Get the yard boss and ask WTFO? He shakes his head until he sees it and then gets redfaced. Go to the cafe and have a late breakfast and we'll have it fixed when you are done. Off to the cafe. An hour later, the transom is balanced on the end rollers. (The yard was recognized as the local volume dealer for the big name trailer the boat was sitting on and yes, they sold the trailer to the previous owner.)

Start on the trip home. The local roads are fine and the truck handles the "new" boat load a bit better than expected. The hydraulic brakes are functioning but not well behaved. We suspect drums are not round due to age and rust. On to the state road. All is fine until about 10 miles from the marina. A long downgrade followed by the rise on the other side...things felt fine until about halfway down the hill. Both of us in the truck's cab knew something was 'different' but wasn't sure what the cause was.

A few miles down the road another hill but a bit steeper. A few hundred yeards down the hill, I looked over my shoulder the the boat looked weird. the Yawing event had started and proceeded to increase as we proceeded down the hill. Looking forward was even uglier as the truck was now gyrating back and forth between both sides of this two lane road. Good thing there were no other cars on the road at that time. Somewhere around the bottom of the hill the strap holding the hull to the trailer broke and the hull climbed up on the fender. As we started up the other side, the speed was reduced and then the yawing subsided.

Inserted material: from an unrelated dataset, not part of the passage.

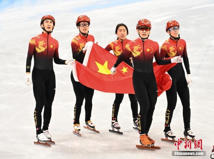 在2月5日晚结束的短道速滑混合团体接力决赛中,由武大靖、任子威、范可新、曲春雨组成的中国队率先冲过终点,为中国体育代表团拿到本届冬奥会首枚金牌。中新社记者 毛建军 摄

We came to a stop on the shoulder of the opposing lane of traffic. The chine was dragged along the asphalt at least a 1/4 mile and was much thinner than when the trip started. Fender on the trailer rubbing on the tire but no serious damage. Cars started appearing very frequently and the very helpful nature of that community's residents was obvious (yes, before cell phones were common).

Conclusion - the "idiot" in the marina that "adjusted" the trailer to fit the boat only moved the bow stop back a foot or so. Nobody, including us, checked the tongue weight (less than 100# post accident and the boat alone is over 3000#). No matter how "prominent" (or other adjective) the "dealer" is (or is rumored to be), ALWAYS do a detailed verification on a "new to you" rig before hooking the coupler over the ball....Not only your life but all the ones around you could be at stake.

DavidW2009
09-26-2010, 05:23 AM
This little, recent story has more to do with the tow vehicle than the boat/trailer.

Until a year ago, I had not had a boat in the water for 35 years. The last boat I trailered around was a relatively light 14' Silverline. Never had any problem with tow vehicle brakes.

In the past year I bought two boats, much heavier than the 14'er. The tow vehicle I'm using now is a Chevy G-20 conversion van with a 350 CID (5.7L). I've towed these two boats about ten times in the past year.

Last Friday I decided to tow the I/O boat to the lake to check the latest round of repairs. Hooked it up and headed down the driveway (1/4 mile long). I get to the road and apply the brakes and the pedal goes almost to the floor. Never had any indication of a brake problem before. The brakes front and rear were checked about 10K miles ago and found to be in very good condition with lots of wear left.

No, I'm not going to the lake today.....not until the brakes are fixed.

Turned the rig around and headed back up the driveway. Parked the boat and removed the van wheels: The brake pads on the front and shoes on the rear are SHOT. Worn almost to the rivets. The rear wheel cylinders are leaking and a self-adjuster on one side is rusted solid.

It then occured to me the cost of towing a 2600# boat. Towing is definitely hard on the tow vehicle's brakes. The rear drums get submerged when launching and that, no doubt, adds to the accelerated wear. So, the G20 got all new brakes and wheel cylinders this weekend. Brakes are back to normal or better. But it's something else I'm going to have to check every year and keep in mind when towing a boat.

Now I'm considering a brake system for the trailers, but need to do some more reading and research as to what would be best.

charlesbrian
02-22-2012, 11:27 PM
Safety should always be your main concern when you're pulling a trailer. Because no matter how easy and comfortable the process, the fact is that your towing rig weighs more and doesn't dodge or stop as easily as other cars on the road.